Any advice on how to fish with a jig for largemouth? Many people say its great but have never had any luck. I go to it but quickly change it up to something I know i can catch bass on. What kind? What kind of trailer? And how to fish with it? Deep or shallow? I am fishing in Rhode Island. Will this affect the bite at all?\
Thanks


----------



## redbug (May 5, 2013)

fish the jug anyplace you would fish a worm the big thing is you said you quickly change you need to stick with it 
when i wanted to learn i went fishing for the day and left all my tackle home but jigs and trailers as i too wouldnt stick with the jig but after having my tail handed to me by the guy in the front of the boat by a jig i needed to learn how he caught 18 keepers all on jig i caught 6 on worms


----------



## stevesecotec02 (May 5, 2013)

A black and blue jig with a rage craw trailer is one of my best baits. 3/8 oz is a good all around weight. Just throw it to cover and watch for a hit as the lure falls to the bottom. If no strikes on the fall shake it a little bit and see if something picks it up. If still no takers start hopping it back to u.
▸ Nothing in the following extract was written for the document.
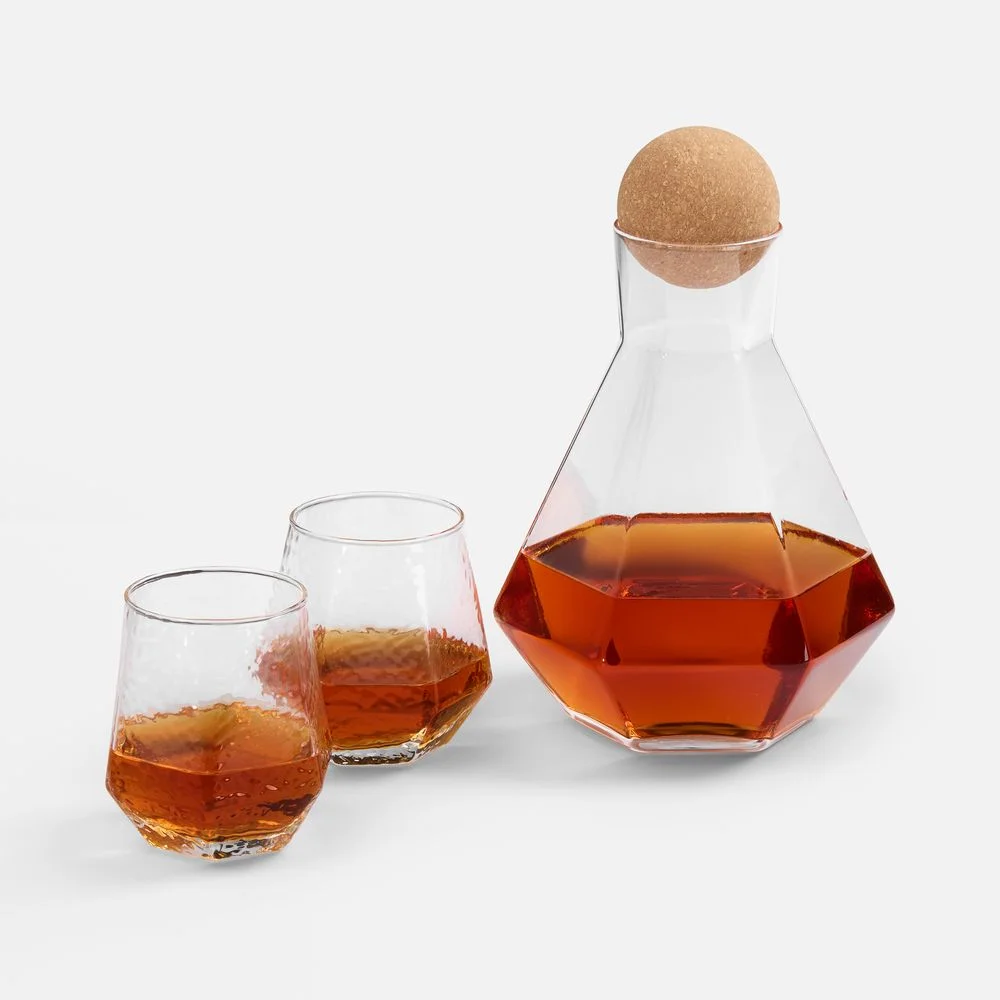 Графин из боросиликатного стекла отличается высокой термостойкостью и долговечностью, гарантируя надежность при ежедневном использовании. Стаканы, выполненные из закаленного стекла, сочетают в себе прочность и изящество, сохраняя прозрачность и устойчивость к ударам. В комплекте также предусмотрена крышка в виде шара из натуральной пробки, которая гармонично дополняет общий дизайн и обеспечивает защиту напитка от пыли и выветривания.

After u fish it for awhile u will learn to feel the diffrence betwwen logs and fish.


----------



## mikejames (May 6, 2013)

I have been having really good luck with the Bitsy Bug and Chigger Craws, fishing them just like Steve said. 

These I have the best luck with Pumpkin craw and Watermelon. 
https://www.basspro.com/Strike-King-Bitsy-Bug-Mini-Jig/product/20152/

These watermelon spice
https://www.dickssportinggoods.com/product/index.jsp?productId=13358905&lmdn=Species&cp=4406646.4413993.4414792

Here are a few pictures of the bigger catches from Stonewall Jackson Lake in Lewis County, West Virginia my buddy caught using those jigs while we were out Saturday.






7lb




5lb




4 3/4lb


----------



## Jim (May 6, 2013)

Start small, 1/4 ounce in my opinion and a small real pork trailer. Fish Slowwwwwwwwwwww. That is key to feeling it on the bottom and when it hits wood, rocks....etc


----------



## Jim (May 6, 2013)

nice fish mikejames! :beer:


----------



## chrispy186 (May 10, 2013)

Bass427, where do you fish in RI? I am in RI also, and there are some places around here that are picky about which jig you are throwing and when.


----------



## fish devil (May 11, 2013)

:twisted: Learn how to pitch/flip jigs to cover. You will be fishing shallow around brush, pads, reeds etc. Equipment will be heavy action, at least a 7 6" rod. I use 50lb braid. Largemouth love heavy cover, so you need to get the jig into those areas.


----------



## bass427 (May 19, 2013)

I fish Burrillville area. All different lakes jig never works. Or I don't work the jig right I suppose


----------



## Recon (May 21, 2013)

They work in PA. Got this one on Saturday with a pumpkin colored one.


----------



## ebcdave (May 25, 2013)

[url=https://www.tinboats.net/forum/viewtopic.php?p=315312#p315312 said:


> bass427 » 19 May 2013, 22:14[/url]"]I fish Burrillville area. All different lakes jig never works. Or I don't work the jig right I suppose


Pitch or flip the jig low to the water with as little splash as possible in stained water. Hop it, shake it, and pause it. When the jig bite is on, the bass will pick it up on the way down. Watch for line movement and cross his eyes. If the water is clear make longer cast and work the jig in cover or on structure. There has to be cover or a bottom feature to increase your success. Do like the man says and leave all the other tackle at home. Watch how a good jig fisherman works his bait. Good luck. Keep'er Wet, Dave


----------



## BDS05 (Jul 1, 2013)

[url=https://www.tinboats.net/forum/viewtopic.php?p=313381#p313381 said:


> stevesecotec02 » 05 May 2013, 17:31[/url]"]A black and blue jig with a rage craw trailer is one of my best baits. 3/8 oz is a good all around weight. Just throw it to cover and watch for a hit as the lure falls to the bottom. If no strikes on the fall shake it a little bit and see if something picks it up. If still no takers start hopping it back to u. After u fish it for awhile u will learn to feel the diffrence betwwen logs and fish.


X2


----------